Recorded data:
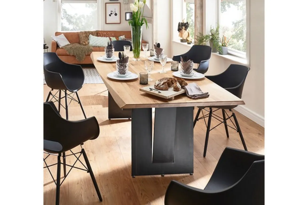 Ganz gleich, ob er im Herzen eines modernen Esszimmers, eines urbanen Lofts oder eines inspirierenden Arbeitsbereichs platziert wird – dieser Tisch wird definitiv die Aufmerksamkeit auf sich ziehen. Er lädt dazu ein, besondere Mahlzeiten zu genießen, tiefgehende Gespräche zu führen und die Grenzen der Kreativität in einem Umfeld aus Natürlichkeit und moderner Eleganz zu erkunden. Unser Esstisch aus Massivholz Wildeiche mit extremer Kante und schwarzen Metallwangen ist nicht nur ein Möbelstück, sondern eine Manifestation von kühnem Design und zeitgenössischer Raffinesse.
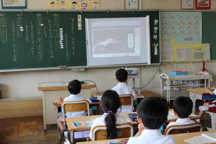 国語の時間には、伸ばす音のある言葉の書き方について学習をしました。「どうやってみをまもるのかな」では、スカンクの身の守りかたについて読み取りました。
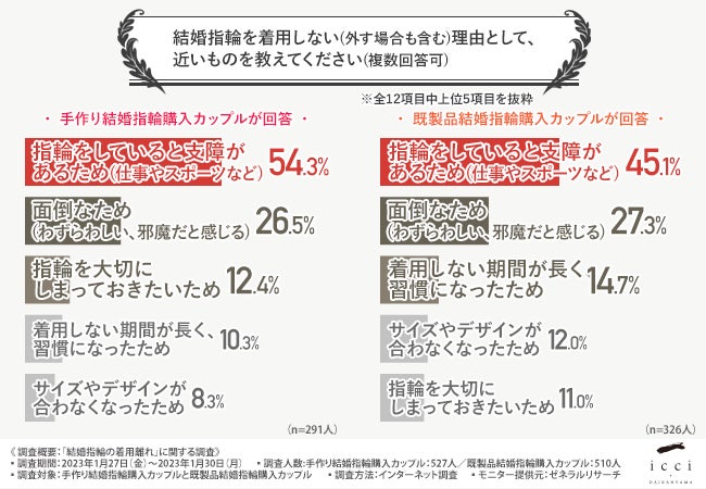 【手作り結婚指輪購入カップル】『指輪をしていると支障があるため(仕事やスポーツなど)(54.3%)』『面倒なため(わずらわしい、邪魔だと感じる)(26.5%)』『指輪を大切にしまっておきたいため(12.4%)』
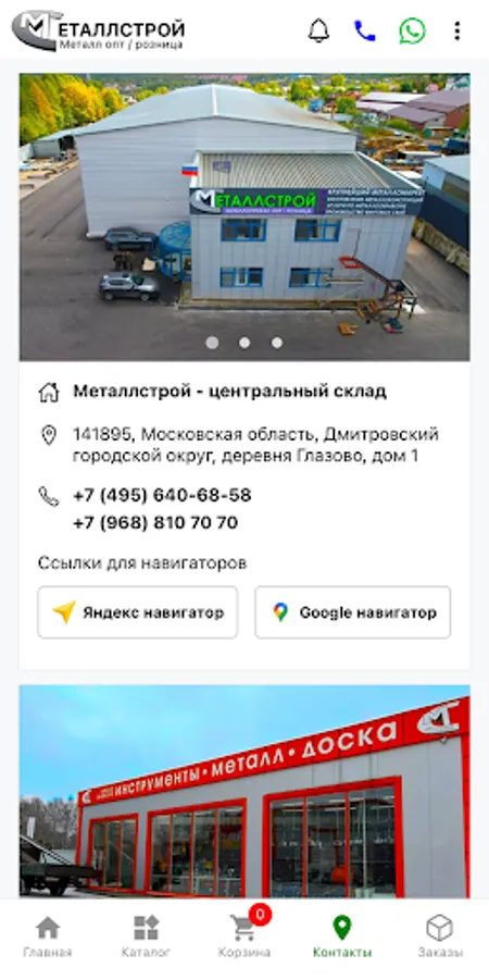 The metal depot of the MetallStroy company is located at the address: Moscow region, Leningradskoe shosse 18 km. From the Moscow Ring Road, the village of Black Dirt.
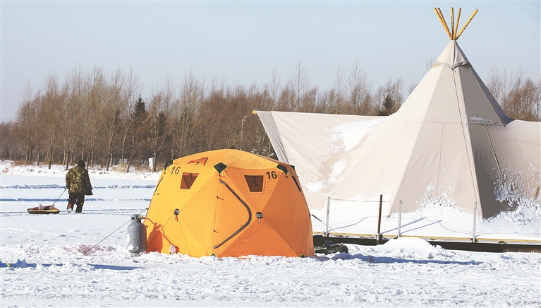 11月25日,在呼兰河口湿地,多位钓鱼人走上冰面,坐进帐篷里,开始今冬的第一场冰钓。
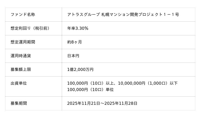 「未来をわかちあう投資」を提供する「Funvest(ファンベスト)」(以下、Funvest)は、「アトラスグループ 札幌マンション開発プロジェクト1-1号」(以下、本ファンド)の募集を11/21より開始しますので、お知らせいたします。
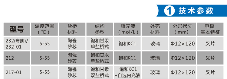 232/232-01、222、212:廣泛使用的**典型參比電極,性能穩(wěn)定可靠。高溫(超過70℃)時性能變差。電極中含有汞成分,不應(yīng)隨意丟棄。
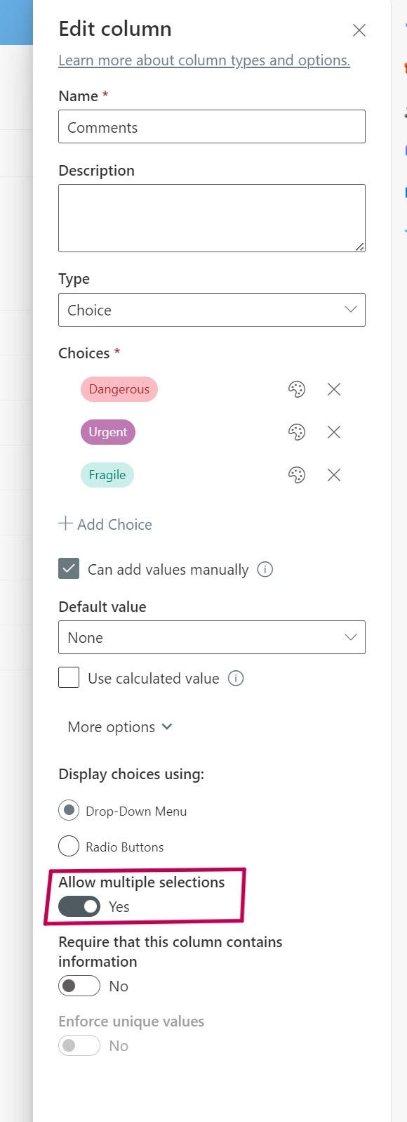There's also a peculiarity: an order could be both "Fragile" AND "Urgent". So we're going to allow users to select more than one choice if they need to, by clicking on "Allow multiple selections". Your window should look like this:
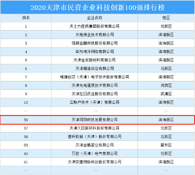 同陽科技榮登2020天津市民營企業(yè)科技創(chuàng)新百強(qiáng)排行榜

WHAT YOU ARE ASKED TO DO: All the records above need to be given again word for word. Skip the pictures.

EXERCISE OUTPUT:
 Ganz gleich, ob er im Herzen eines modernen Esszimmers, eines urbanen Lofts oder eines inspirierenden Arbeitsbereichs platziert wird – dieser Tisch wird definitiv die Aufmerksamkeit auf sich ziehen. Er lädt dazu ein, besondere Mahlzeiten zu genießen, tiefgehende Gespräche zu führen und die Grenzen der Kreativität in einem Umfeld aus Natürlichkeit und moderner Eleganz zu erkunden. Unser Esstisch aus Massivholz Wildeiche mit extremer Kante und schwarzen Metallwangen ist nicht nur ein Möbelstück, sondern eine Manifestation von kühnem Design und zeitgenössischer Raffinesse.
 国語の時間には、伸ばす音のある言葉の書き方について学習をしました。「どうやってみをまもるのかな」では、スカンクの身の守りかたについて読み取りました。
 【手作り結婚指輪購入カップル】『指輪をしていると支障があるため(仕事やスポーツなど)(54.3%)』『面倒なため(わずらわしい、邪魔だと感じる)(26.5%)』『指輪を大切にしまっておきたいため(12.4%)』
 The metal depot of the MetallStroy company is located at the address: Moscow region, Leningradskoe shosse 18 km. From the Moscow Ring Road, the village of Black Dirt.
 11月25日,在呼兰河口湿地,多位钓鱼人走上冰面,坐进帐篷里,开始今冬的第一场冰钓。
 「未来をわかちあう投資」を提供する「Funvest(ファンベスト)」(以下、Funvest)は、「アトラスグループ 札幌マンション開発プロジェクト1-1号」(以下、本ファンド)の募集を11/21より開始しますので、お知らせいたします。
 232/232-01、222、212:廣泛使用的**典型參比電極,性能穩(wěn)定可靠。高溫(超過70℃)時性能變差。電極中含有汞成分,不應(yīng)隨意丟棄。
There's also a peculiarity: an order could be both "Fragile" AND "Urgent". So we're going to allow users to select more than one choice if they need to, by clicking on "Allow multiple selections". Your window should look like this:
 同陽科技榮登2020天津市民營企業(yè)科技創(chuàng)新百強(qiáng)排行榜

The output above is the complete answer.